If we one day want to explore the galaxy (let alone the rest of the universe) we have a speed issue. In late 2023, NASA's Parker Solar Probe achieved the highest speed ever achieved by a human-made object, clocking in at 635,266 kilometers (394,736 miles) per hour.
While impressive, that's only 0.059 percent of the speed of light. Visiting our closest neighbor Proxima Centauri, 4.2 light-years away, at these speeds would take around 7,700 years, making generational ships (or robotic probes) necessary to explore it or any other interesting star further away.
To achieve these speeds, and in other missions to visit objects in the furthest reaches of the Solar System, NASA has regularly employed "gravity assists". As spacecraft approach a large body (planets or a star), momentum is transferred from the planet to the craft, slowing the orbit of the object a tiny amount in exchange for a significant increase in velocity. In essence, you steal a bit of kinetic energy from the planet or star.
"Several robotic spacecraft have used the 'gravity assist' technique to achieve their targets 'high up' in the Sun's gravity well. Voyager 2 launched in August 1977 and flew by Jupiter for reconnaissance, and for a trajectory boost to Saturn," NASA explains.
"Voyager 1 launched the following month and did the same (reaching Jupiter before Voyager 2 did). Voyager 2 then obtained an assist from Saturn and another one later from Uranus, climbing all the way to Neptune and beyond. Galileo took one kick from Venus and two from Earth, while orbiting the Sun en route to its destination, Jupiter. Cassini took two boosts from Venus, one from Earth, and another from Jupiter to gain enough momentum to reach Saturn."
It has been proposed that we could send ships to relativistic speeds by using a gravity assist around a neutron star in a compact binary system. Such a mission would be pretty dangerous, however, and in 2019 David Kipping, assistant professor of astronomy at Columbia University, suggested another way we could use this neat trick safely by instead firing protons around a black hole.
Black holes are a source of a lot of gravity for an assist, forming from massive stars (or possibly through direct collapse) that have collapsed under their enormous mass, not even allowing light to escape. But trying to fly a spacecraft around one is the behavior of someone who wants to become spaghetti.

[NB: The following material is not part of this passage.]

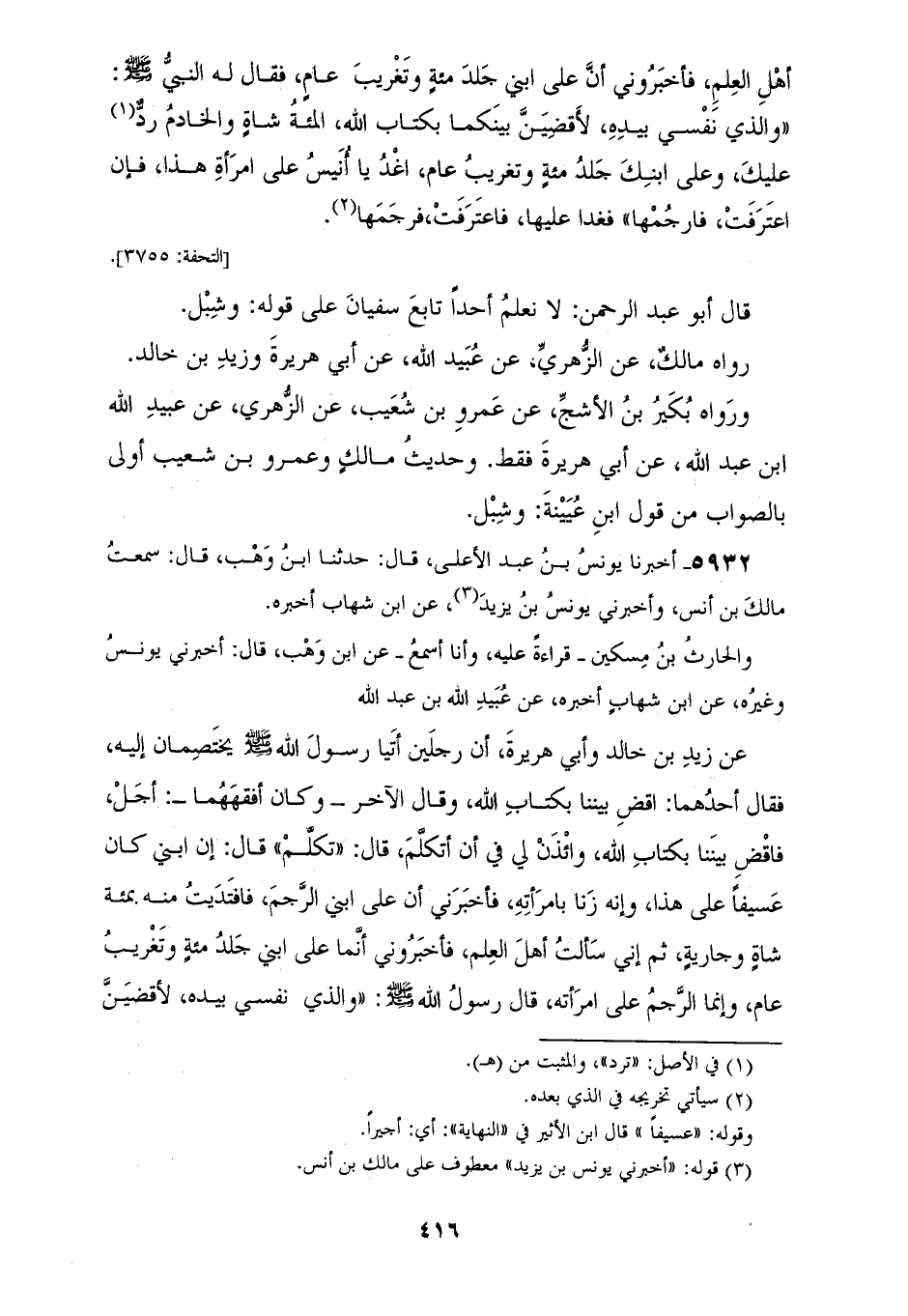 5932 - وَأَخْبَرَنِي يُونُسُ بْنُ يَزِيدَ، عَنِ ابْنِ شِهَابٍ، أَخْبَرَهُ وَالْحَارِثُ بْنُ مِسْكِينٍ، قِرَاءَةً عَلَيْهِ وَأَنَا أَسْمَعُ، عَنِ ابْنِ وَهْبٍ، قَالَ: أَخْبَرَنِي يُونُسُ، وَغَيْرُهُ، عَنِ ابْنِ شِهَابٍ، أَخْبَرَهُ عَنْ عُبَيْدِ اللهِ بْنِ عَبْدِ اللهِ، عَنْ زَيْدِ بْنِ خَالِدٍ، وَأَبِي هُرَيْرَةَ أَنَّ رَجُلَيْنِ، أَتَيَا رَسُولَ اللهِ صَلَّى اللهُ عَلَيْهِ وَسَلَّمَ يَخْتَصِمَانِ إِلَيْهِ، فَقَالَ أَحَدُهُمَا: اقْضِ بَيْنَنَا بِكِتَابِ اللهِ، وَقَالَ الْآخَرُ وَكَانَ أَفْقَهَهُمَا: أَجَلْ فَاقْضِ بَيْنَنَا بِكِتَابِ اللهِ، وَائْذَنْ لِي فِي أَنْ أَتَكَلَّمَ، قَالَ: تَكَلَّمَ قَالَ: إِنَّ ابْنِي كَانَ عَسِيفًا عَلَى هَذَا وَإِنَّهُ زَنَا بِامْرَأَتِهِ، فَأَخْبَرَنِي أَنَّ عَلَى ابْنِي الرَّجْمَ، فَافْتَدَيْتُ مِنْهُ بِمِائَةِ شَاةٍ وَجَارِيَةٍ، ثُمَّ إِنِّي سَأَلْتُ أَهْلَ الْعِلْمِ، فَأَخْبَرُونِي أَنَّمَا عَلَى ابْنِي جَلْدُ مِائَةٍ، وَتَغْرِيبُ عَامٍ وَإِنَّمَا الرَّجْمُ عَلَى امْرَأَتِهِ، قَالَ رَسُولُ اللهِ صَلَّى اللهُ عَلَيْهِ وَسَلَّمَ: «§وَالَّذِي نَفْسِي بِيَدِهِ لَأَقْضِيَنَّ بَيْنَكُمَا بِكِتَابِ اللهِ أَمَّا غَنَمُكَ وَجَارِيَتُكَ فَرُدَّ إِلَيْكَ، وَجَلَدَ ابْنَهُ مِائَةً وَغَرَّبَهُ عَامًا، وَأَمَرَ أُنَيْسًا أَنْ يَرْجُمَ امْرَأَةَ الْآخَرِ إِنِ اعْتَرَفَتْ فَاعْتَرَفَتْ فَرَجَمَهَا»

But as light passes through gravitational wells we know that it too gains energy. As light is traveling at the speed limit of the universe – the speed at which all particles without mass must travel – it cannot gain or lose speed from falling into or out of a gravity well. Instead, as light falls into a gravity well its frequency becomes higher and is blue-shifted, while light coming out of a gravity well becomes red-shifted. It is this that is exploited by the "Halo Drive".
The basic idea is that you send a beam of light around a pair of black holes spinning around each other prior to a merger, or a single black hole spinning quickly, and use the higher-energy blue-shifted light to accelerate your spacecraft.
"Using a moving black hole as a gravitational mirror, kinetic energy from the black hole is transferred to the beam of light as a blueshift and upon return the recycled photons not only accelerate, but also add energy to, the spacecraft," Kipping writes in the paper. "It is shown here that this gained energy can be later expended to reach a terminal velocity of approximately 133% the velocity of the black hole."